В книге рассказывается история главного героя, который сталкивается с различными проблемами и препятствиями на протяжении всего своего путешествия. По пути он встречает множество второстепенных персонажей, которые играют важные роли в истории. Благодаря опыту главного героя книга исследует такие темы, как любовь, потеря, надежда и стойкость. По мере того, как главный герой преодолевает свои трудности, он усваивает ценные уроки жизни и растет как личность.


О фантастике Стругацких - мысли и разочарования

В книге рассказывается история главного героя, который сталкивается с различными проблемами и препятствиями на протяжении всего своего путешествия. По пути он встречает множество второстепенных персонажей, которые играют важные роли в истории. Благодаря опыту главного героя книга исследует такие темы, как любовь, потеря, надежда и стойкость. По мере того, как главный герой преодолевает свои трудности, он усваивает ценные уроки жизни и растет как личность.

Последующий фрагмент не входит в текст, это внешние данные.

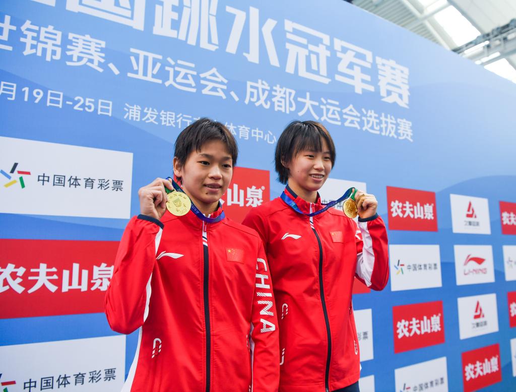 廣東隊的陳藝文和湖北浩沙隊的昌雅妮以總分307.65分的成績,繼去年在世錦賽和世界杯上攜手登上最高領獎臺后,奪得女子雙人3米跳板金牌。

Кинопробы космической экспансии

Предлагаем читателям первый обзор из серии «Кинопробы космической экспансии», посвященной истории «освоения» кинофантастикой Солнечной системы. Известный популяризатор истории космонавтики и писатель-фантаст Антон Первушин в трех статьях расскажет о взглядах кинематографистов на грядущее покорение Луны, Марса и Венеры. В первом обзоре автор поглядывает на естественный спутник Земли. О соседних планетах — читайте в ближайших номерах журнала. Из журнала «Если», 2006, №№ 7, 8, 10; 2007, № 5.